The proposed 65,000–70,000 tonne conventionally powered ‘flat top’ carrier – tentatively named Vishal (Grand) – capable of embarking 50–60 fixed- and rotary-wing platforms, attaining speeds of up to 30 kt, and projected to cost INR800–900 billion (USD11.65–13 billion) – is part of the IN’s Maritime Capability Perspective Plan (MCCP).
First announced in 2005 and later updated for the 15-year period until 2027, the MCPP envisages the IN fielding three carrier battle groups (CBGs): one for each seaboard and one in reserve. For the IN, CBGs incorporate its ‘sea control’ approach to regional power projection, helping shape the regional security environment and countering Chinese plans of fielding 5–6 carriers in the strategically vital Indian Ocean Region (IOR).
“The government needs to urgently take a call on approving the IAC-2, as that will determine whether or not China dominates India in the IOR,” former IN chief of staff Admiral Arun Prakash told Jane’s. If not, India will end up playing a subsidiary role in this region, he added.
The IN currently has just one aircraft carrier in operation: the 44,000-tonne refurbished Kiev-class carrier INS Vikramaditya (ex- Admiral Gorshkov ), with its MiG-29K/KuB (Fulcrum-D) fighter group.

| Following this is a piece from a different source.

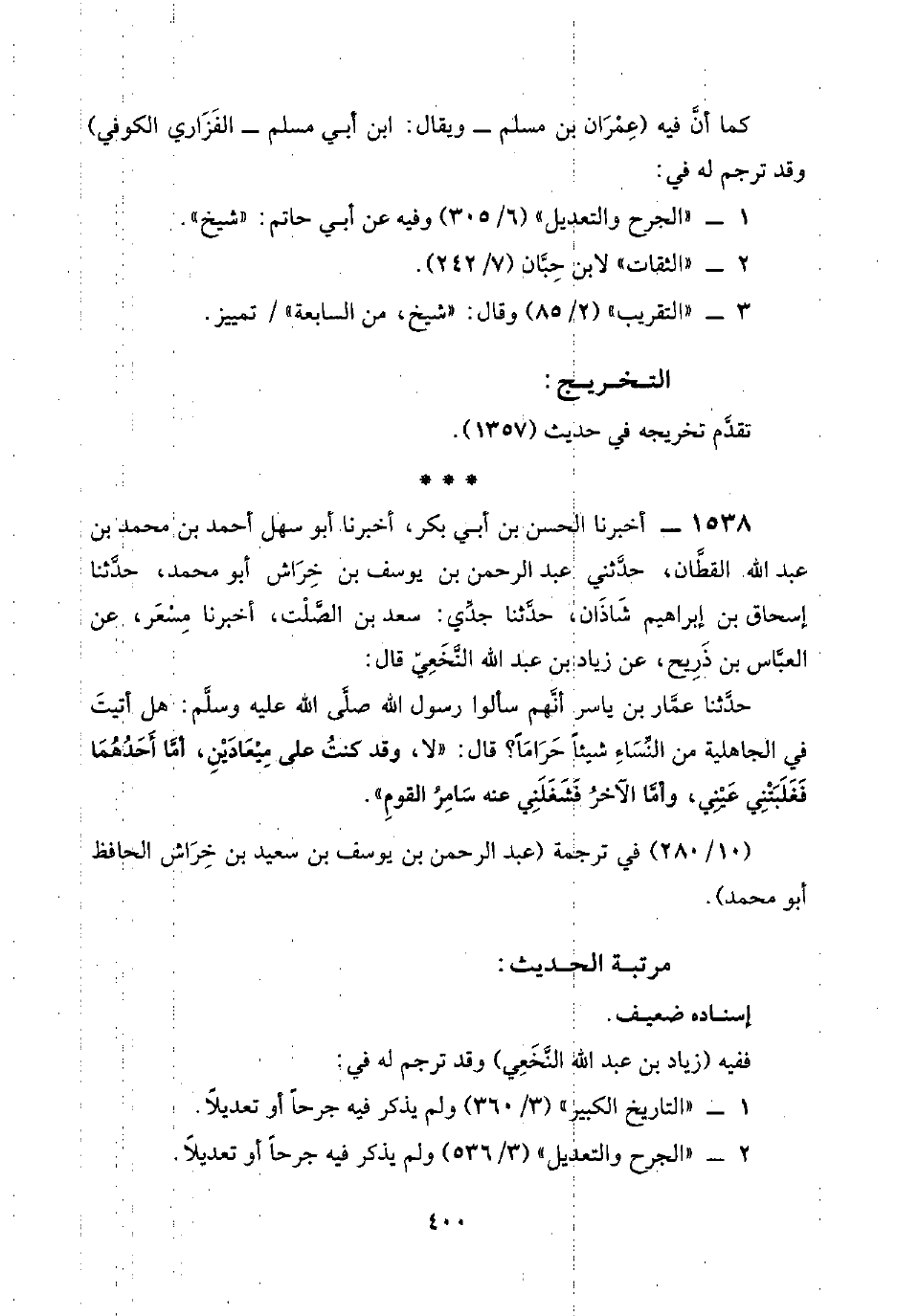 ١٥٣٨ - أخبرنا الحسن بن أبي بكر، أخبرنا أبو سهل أحمد بن محمد بن عبد اللَّه القَطَّان، حدَّثني عبد الرحمن بن يوسف بن خِرَاش أبو محمد، حدَّثنا إسحاق بن إبراهيم شَاذَان، حدَّثنا جدِّي: سعد بن الصَّلْت، أخبرنا مِسْعَر، عن العبَّاس بن ذَرِيح، عن زياد بن عبد اللَّه النَّخَعِيّ قال:
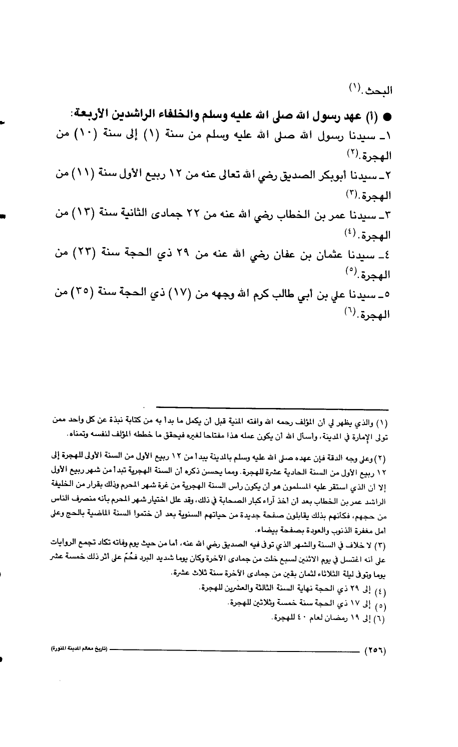 (1) والذي يظهر لي أن المؤلف رحمه الله وافته المنية قبل أن يكمل ما بدأ به من كتابه نبذة عن كل واحد ممن تولى الإمارة في المدينة، وأسأل الله أن يكون عمله هذا مفتاحاً لغيره فيحقق ما خططه المؤلف لنفسه وتمناه. (2) وعلى وجه الدقة فإن عهده صلى الله عليه وسلم بالمدينة يبدأ من 12 ربيع الأول من السنة الأولى للهجرة إلى 12 ربيع الأول من السنة الحادية عشرة للهجرة. ومما يحسن ذكره أن السنة الهجرية تبدأ من شهر ربيع الأول إلا أن الذي استقر عليه المسلمون هو أن يكون رأس السنة الهجرية من غرة شهر المحرم وذلك بقرار من الخليفة الراشد عمر بن الخطاب بعد أن أخذ آراء كبار الصحابة في ذلك، وقد علل اختيار شهر المحرم بأنه منصرف الناس من حجهم، فكأنهم بذلك يقابلون صفحة جديدة من حياتهم السنوية بعد أن ختموا السنة الماضية بالحج وعلى أمل مغفرة الذنوب والعودة بصفحة بيضاء. (3) لا خلاف في السنة والشهر الذي توفي فيه الصديق رضي الله عنه، وأما من حيث يوم وفاته تكاد تجمع الروايات على أنه اغتسل في يوم الإثنين لسبع خلت من جمادى الاخرة وكان يوماً شديد البرد فحُمّ على أثر ذلك خمسة عشر يوماً وتوفي ليلة الثلاثاء لثمان بقين من جمادى الآخرة سنة ثلاث عشرة. (4) إلى 29 ذي الحجة نهاية السنة الثالثة والعشرين للهجرة. (5) إلى 17 ذي الحجة سنة خمسة وثلاثين للهجرة. (6) إلى 19 رمضان لعام 40 للهجرة.

INS Viraat (ex-HMS Hermes ), the service’s second 23,900-tonne Centaur-class carrier, was decommissioned in March 2017 following 30 years of service.
By 2018–19, Vikramaditya was to have been supplemented by INS Vikrant, the 37,000-tonne Project 71 carrier with a short take-off but arrested recovery (STOBAR) configuration that has been under construction since 2009 at Cochin Shipyard Limited, southern India.